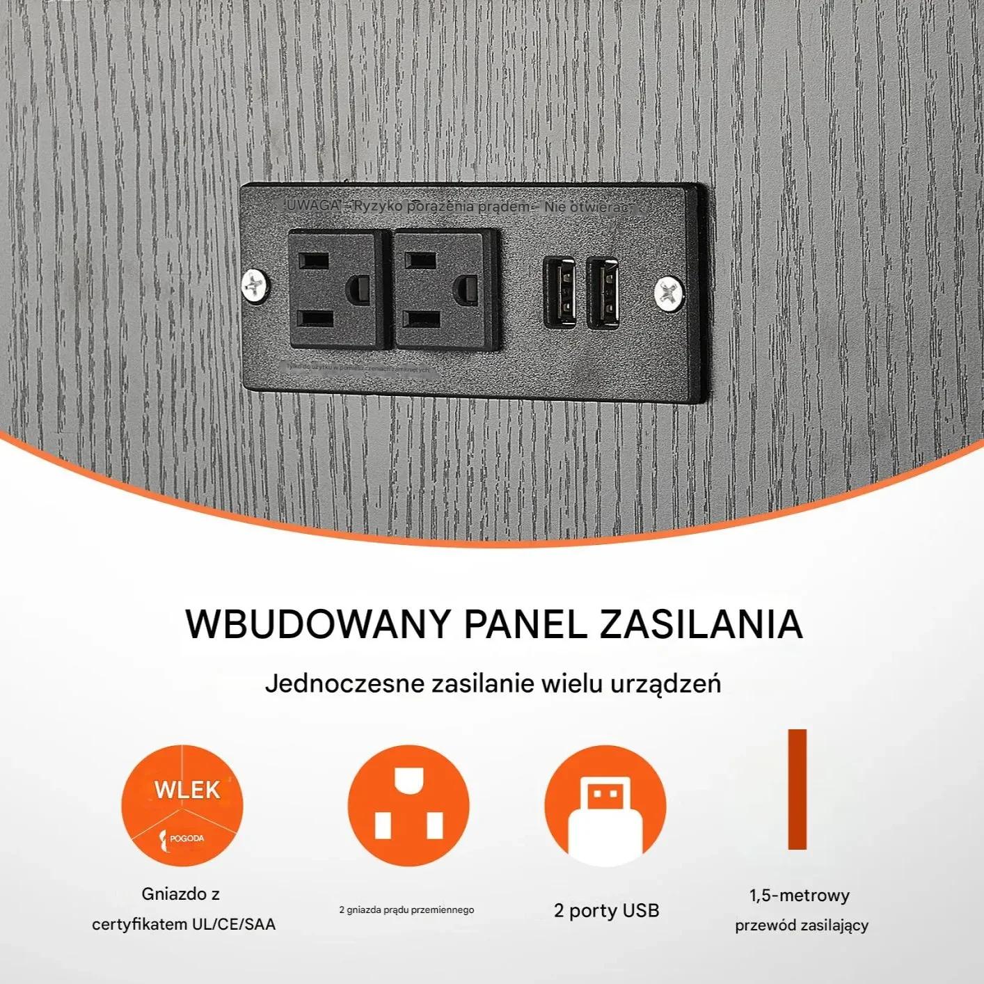 - ✅ Zintegrowany panel zasilania dla wygodnego podłączenia urządzeń
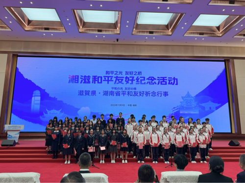 细雨润秋色,友谊暖人心。11月9日,衡阳市第七中学的30余名师生代表,在市外事办的精心组织下,奔赴长沙参与“湖南省与日本滋贺县和平友好纪念活动”。这场以“和平友好”为主题的中日青少年交流盛会,不仅是我市响应国家对外友好号召的生动实践,更让七中学子站上了国际舞台,用青春之声传递中国青少年的自信与热忱!
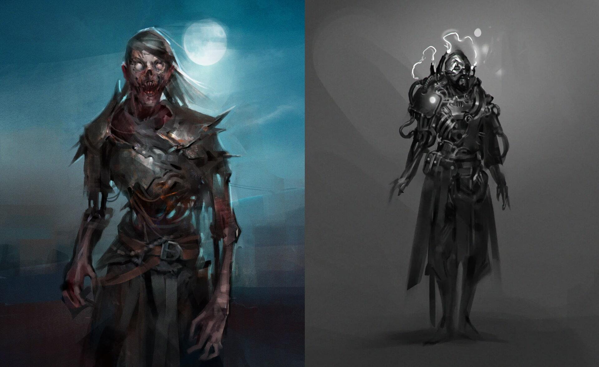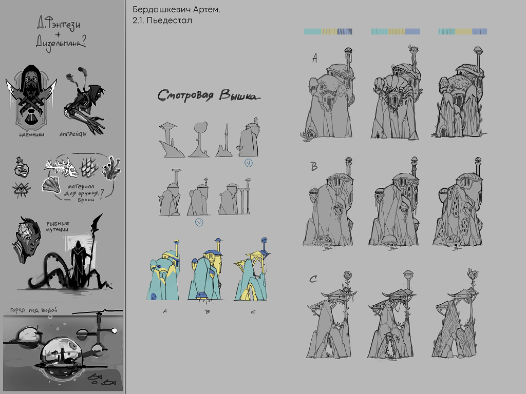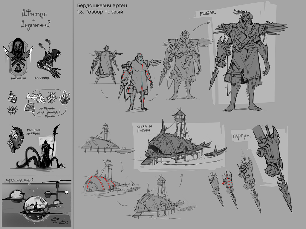 —Да. Вот что касается концепта, я вообще даже не подозревал, как это работает, какие пайплайны существуют. Я вообще пришел когда устраиваться, я как бы планировал иллюстрации рисовать. И мне сразу сказали, мол, у нас такого не существует, у нас только концепты, а я даже как бы и не знал, что это такое. И тогда меня всему обучили, можно сказать, с нуля. Тогда, конечно, порог входа не такой был, как сейчас. Было проще гораздо. То есть буквально за руку тянули, всё показывали… Ну да, в начале было сложно. Свыкся.

+++++

- WORK REQUEST
The listing above must be printed again exactly, minus its pictures.

- SOLVED EXERCISE
 - ✅ Zintegrowany panel zasilania dla wygodnego podłączenia urządzeń
 细雨润秋色,友谊暖人心。11月9日,衡阳市第七中学的30余名师生代表,在市外事办的精心组织下,奔赴长沙参与“湖南省与日本滋贺县和平友好纪念活动”。这场以“和平友好”为主题的中日青少年交流盛会,不仅是我市响应国家对外友好号召的生动实践,更让七中学子站上了国际舞台,用青春之声传递中国青少年的自信与热忱!
 —Да. Вот что касается концепта, я вообще даже не подозревал, как это работает, какие пайплайны существуют. Я вообще пришел когда устраиваться, я как бы планировал иллюстрации рисовать. И мне сразу сказали, мол, у нас такого не существует, у нас только концепты, а я даже как бы и не знал, что это такое. И тогда меня всему обучили, можно сказать, с нуля. Тогда, конечно, порог входа не такой был, как сейчас. Было проще гораздо. То есть буквально за руку тянули, всё показывали… Ну да, в начале было сложно. Свыкся.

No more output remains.